### Task brief:
Repeat the records below exactly from the line containing "Fig. 2. A typical" to the line containing "Figure 5: Overview", taking in both of those lines. Drop the pictures.

*** Opening Entries provided ***

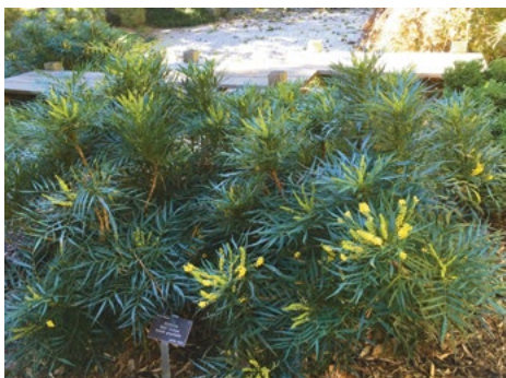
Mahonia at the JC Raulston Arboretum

*** Closing Entries provided ***
*** Opening Entries provided ***

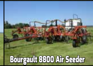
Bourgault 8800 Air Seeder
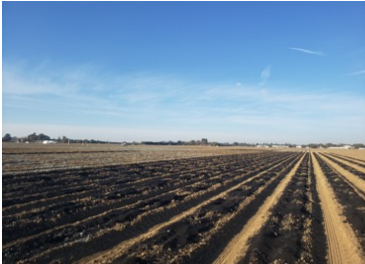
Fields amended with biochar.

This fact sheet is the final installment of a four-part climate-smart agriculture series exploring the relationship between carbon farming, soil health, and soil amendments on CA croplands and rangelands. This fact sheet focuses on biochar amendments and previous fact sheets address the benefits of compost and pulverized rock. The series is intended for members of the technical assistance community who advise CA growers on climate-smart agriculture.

*** Closing Entries provided ***
*** Opening Entries provided ***

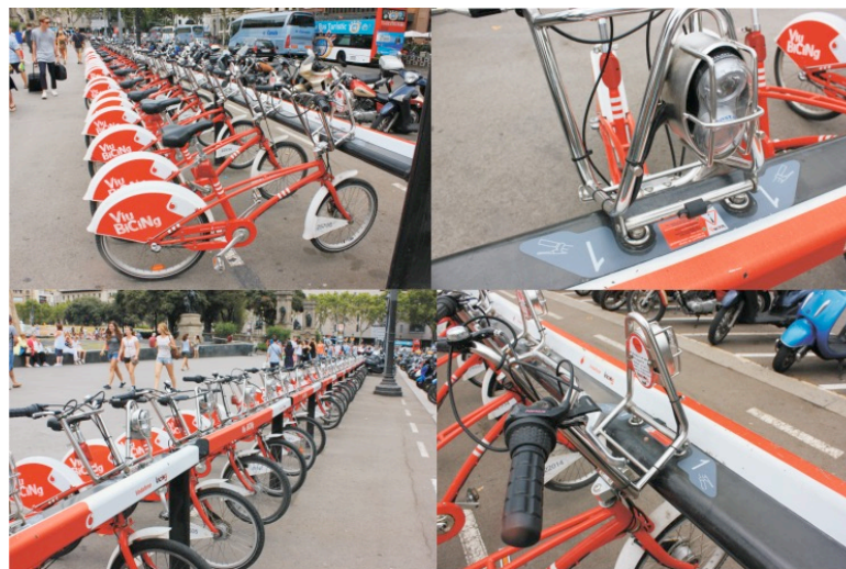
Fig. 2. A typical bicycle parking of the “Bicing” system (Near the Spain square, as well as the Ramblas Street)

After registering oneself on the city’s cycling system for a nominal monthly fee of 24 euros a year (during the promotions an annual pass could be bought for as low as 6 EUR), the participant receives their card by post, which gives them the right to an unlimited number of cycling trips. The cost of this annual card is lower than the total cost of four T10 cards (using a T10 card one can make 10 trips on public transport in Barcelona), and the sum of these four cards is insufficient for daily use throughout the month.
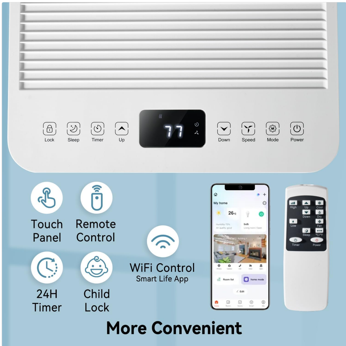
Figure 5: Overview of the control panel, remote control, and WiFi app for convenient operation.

*** Closing Entries provided ***

### Completed task:
Fig. 2. A typical bicycle parking of the “Bicing” system (Near the Spain square, as well as the Ramblas Street)

After registering oneself on the city’s cycling system for a nominal monthly fee of 24 euros a year (during the promotions an annual pass could be bought for as low as 6 EUR), the participant receives their card by post, which gives them the right to an unlimited number of cycling trips. The cost of this annual card is lower than the total cost of four T10 cards (using a T10 card one can make 10 trips on public transport in Barcelona), and the sum of these four cards is insufficient for daily use throughout the month.
Figure 5: Overview of the control panel, remote control, and WiFi app for convenient operation.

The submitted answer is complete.